This software uses unsupervised machine-learning to calculate vector-representation of words. These vector representations can then be used for things like computing the similarity of words to each other or association-rules (e.g. paris is to france like X to germany).
This software is an implementation of https://arxiv.org/abs/1607.04606 (facebook's fasttext) in tensorflow.
In contrast to the original implementation of fasttext (https://github.com/facebookresearch/fastText) this implementation can use GPUs to accelerate the training and the training can be distributed across multiple nodes.
Run pip3 install git+https://github.com/dbaumgarten/FToDTF.git
The programm is now installed system-wide. You can now import the package ftodtf in python3 and run the cli-command fasttext <optional args>
After installing just run
fasttext preprocess --corpus_path <your-training-data>
fasttext train
in your console.
This will run the training and will periodically store checkpoints of the current model into the ./log folder.
After you have trained for some time you can try out the trained word-vectors:
fasttext infer similarity i you one two
This will load the latest model stored in ./log and use it to calculate and print the similarity between the words i you one two. If everything works out, "I" should be similar to "you" and "one" should be similar to "two", while all other combinations should be relatively un-similar.
This application is also available as pre-built docker-image (https://hub.docker.com/r/dbaumgarten/ftodtf/)

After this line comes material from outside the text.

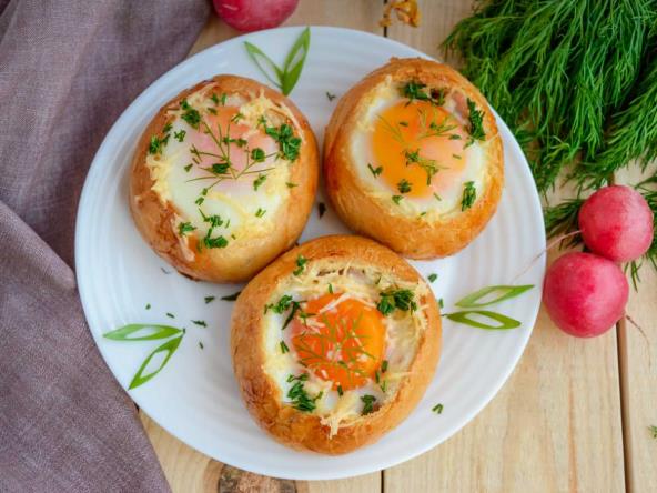 4. Stavite zemičke u prethodno zagrejanu rernu i pecite 10-15 minuta dok se jaja i hleb ne zapeku.

sudo docker run --rm -it -v `pwd`:/data dbaumgarten/ftodtf train
There is docker-compose file demonstrating the distributed setup op this programm. To run a cluster on your local machine
- go to the directory of the docker-compose file
- preprocess your data using
fasttext preprocess --corpus_path <your-training-data>
- run:
sudo docker-compose up
This will start a cluster consisting of two workers and two parameter servers on your machine.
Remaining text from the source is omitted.